What's the bottom line?

Prophet makes it much more straightforward to create a reasonable, accurate forecast. The forecast package includes many different forecasting techniques (ARIMA, exponential smoothing, etc), each with their own strengths, weaknesses, and tuning parameters.  Prophet forecasts are customisable in ways that are intuitive to non-experts. There are smoothing parameters for seasonality that allow you to adjust how closely to fit historical cycles, as well as smoothing parameters for trends that allow you to adjust how aggressively to follow historical trend changes. 

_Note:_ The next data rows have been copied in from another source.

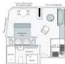
Emerald Riverview Suite
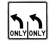
R3-8 (DL) (30"x30")

PLOT DATE = 11/13/2008 PLOT SCALE = AS SHOWN USER NAME = BUSER
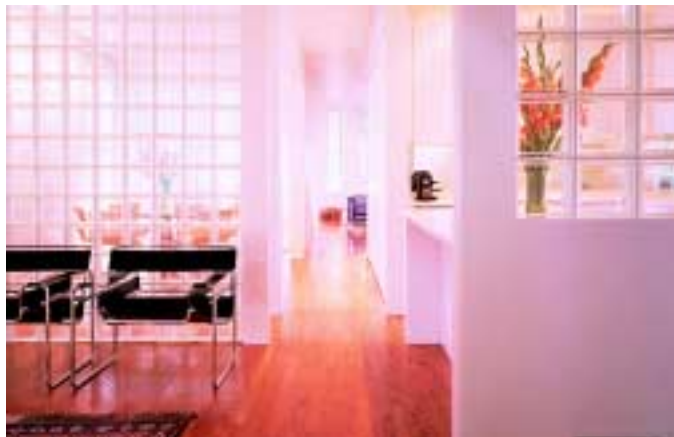
On the cover: An assemblage of 4" x 8" Premiere Series Glass Block in the DECORA® pattern bathes a bath in brilliant light and beauty.

With their variety of patterns, sizes and textures, Pittsburgh Corning Glass Block products adapt to your needs in any room.
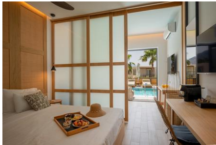
JuniorSuite (Shared Pool)

Lat: 35.352542334841964 Lng: 24.286499900183117
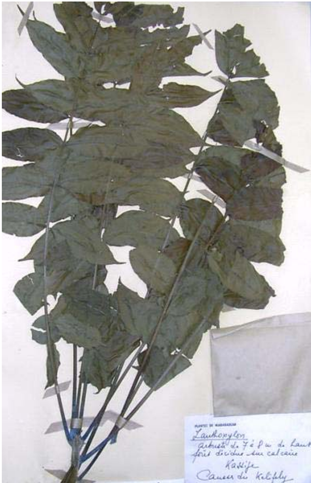
Figure 3 Authentic voucher specimen of Zanthoxylum tshanimpasa leaves, kept at the Botany Department of the National Park, which used for plant identification
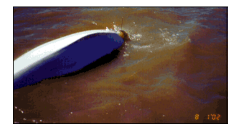
Whale swims off with newly attached tag.
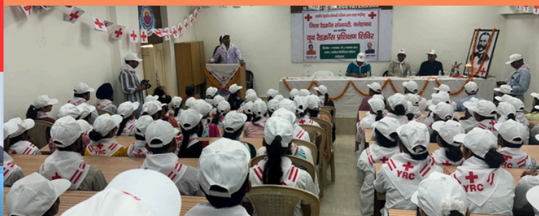
District Red Cross Branch, Fatehabad, Haryana organised District Level Youth Red Cross Training Camp from 7th to 11th November, 2024 at Manohar Memorial College, Fatehabad.
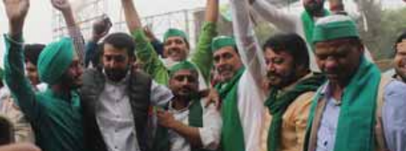
Farmers celebrate with sweets after Prime Minister Narendra Modi announced the repealing of the three farm laws, at Ghazipur border, in New Delhi on Friday

At Singhu borders, scores of farmers, with smile on their face, distributed sweets and they were seen dancing to songs blaring out of music systems placed on tractors. Same scenes were witnessed at Tikri border while hundreds of
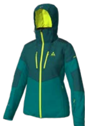
A57F Kayak Green
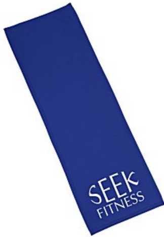
Imprinted Cooling Towel -company logo on the end of the towel
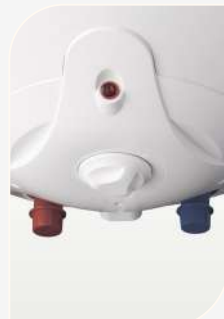
External temperature controller

Versatile, convenient to use, and highly efficient. Be as independent and autonomous as possible with NOVAtec. Water heaters can heat water using either an electric heating element or a heat exchanger.
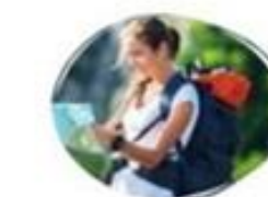
4 Управление отходами и устойчивый туризм
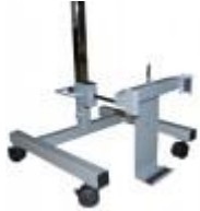
Detail of bilateral clamp and low reach of cassette holder.
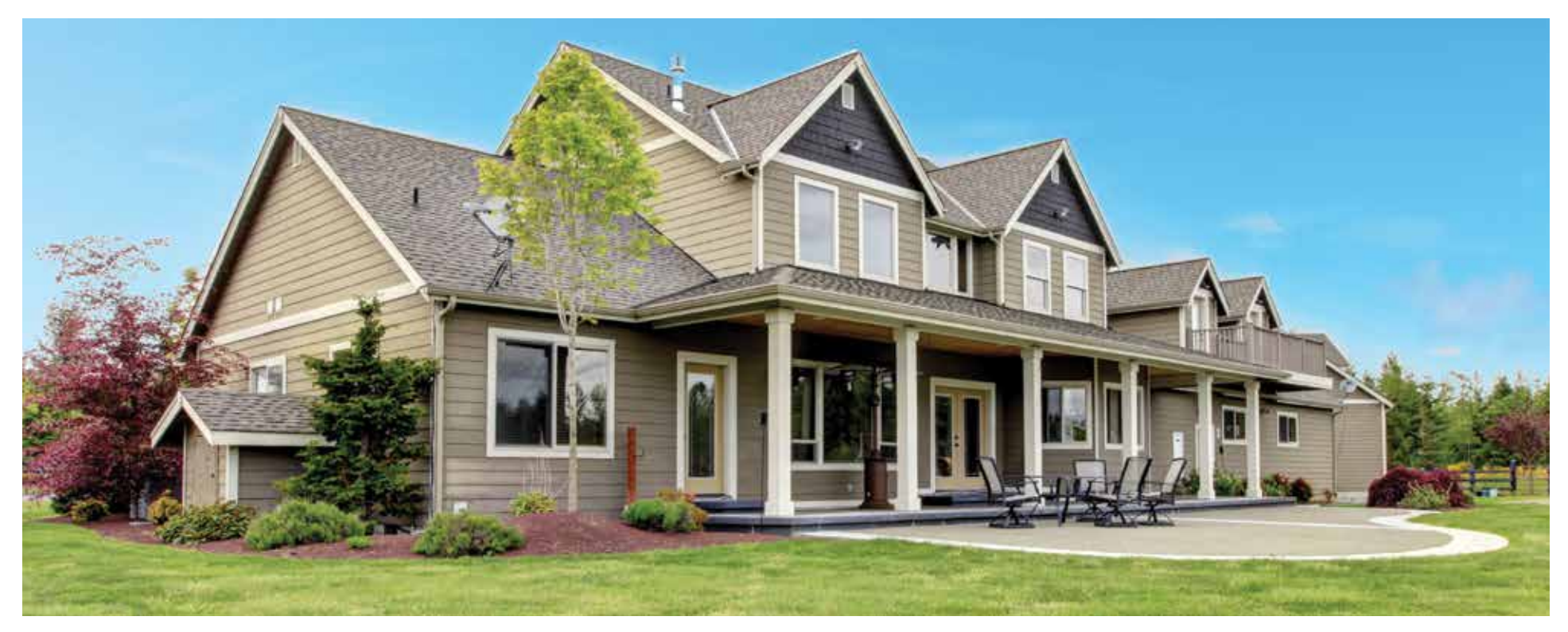
The traditional elegance of our Double 4", Double 5" and 8" Clapboard is accentuated with an inviting roughsawn texture. (8" Clapboard shown.)

With an artful balance of form and function, SteelTek Supreme presents four distinctive profiles: Double 4" Clapboard, Double 5" Clapboard, 8" Clapboard and 12" Vertical Board & Batten. The high-style warmth of each panel is further enhanced with natural-looking wood textures and colors that mimic nature. Matching and complementing trim and accessories complete the design, inspiring a perfectly pulled-together finished look that truly stands apart.
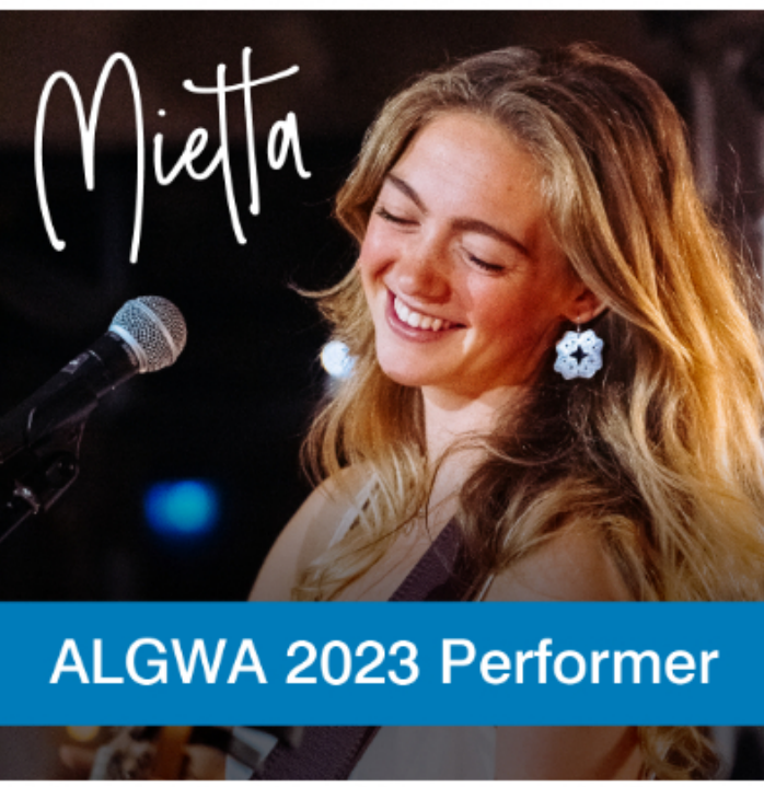
ALGWA 2023 Performer

We're thrilled to present local musicians.
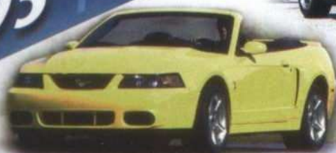
2003 COBRA, SUPERCHARGED 4.6L V8, 309 HP

It was 1979 when the next generation of Mustang, the "Fox" platform, began to work true muscle back into the equation. The design was a success and in 1993, its final year, an impressive 114,228 units rolled off the showroom floors — an outstanding testament to the popularity of its overall design and platform.
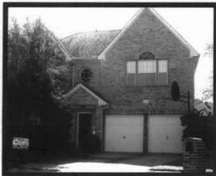
12219 QUIET MEADOW
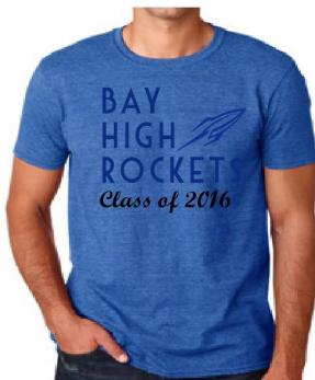
Class Roster on Back
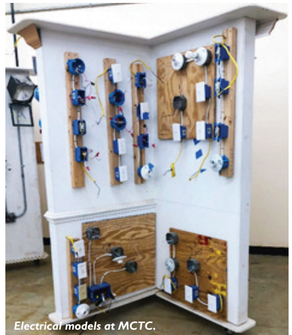
Electrical models at MCTC.
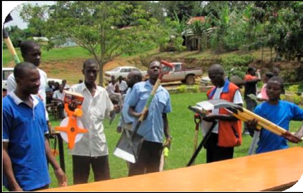
Brick laying and concrete practice students show off what they received
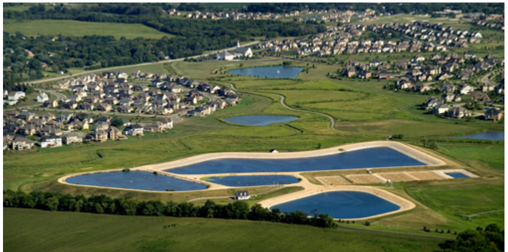
Fox Mill, a 730 unit residential development in Wasco, Illinois has been operating since 1993, treating all water on-site to prevent discharge into Mill Creek, a high quality nearby stream.
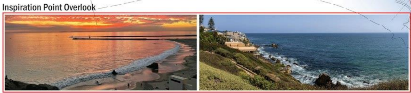
Inspiration Point Overlook
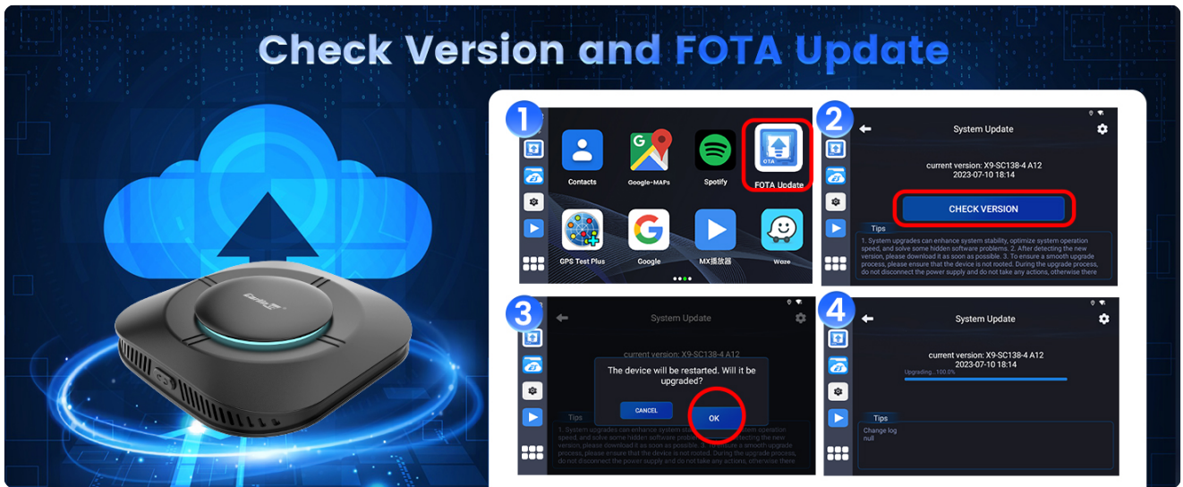
Image: Four-step visual guide demonstrating how to check for and perform a FOTA (Firmware Over-The-Air) update on the device's system settings.
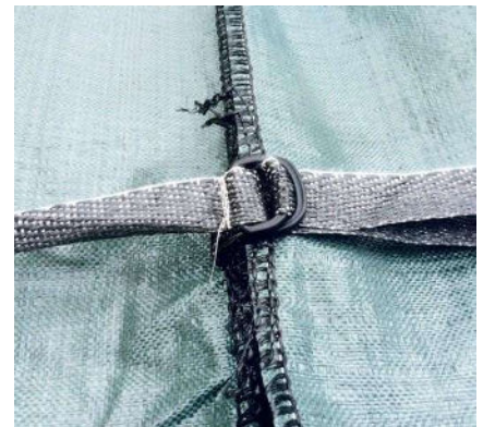
6. Pull tight to secure

So Let's Alteryx that Bad Boy!

I have chosen a dataset of Medium posts over the past 5+ year to test Prophet in Alteryx.  The goal is to create predictions (forecast) of how many posts will be generated over the next 60 days.

 

image.png



Install that thing.

First of all, you actually need to install Prophet using CONDA. Follow the instructions from this post to get this done. As CONDA reinstalls quite a big portion of base packages I would suggest you back up the Alteryx Python env directory.



Alteryx handles the data prep (naturally).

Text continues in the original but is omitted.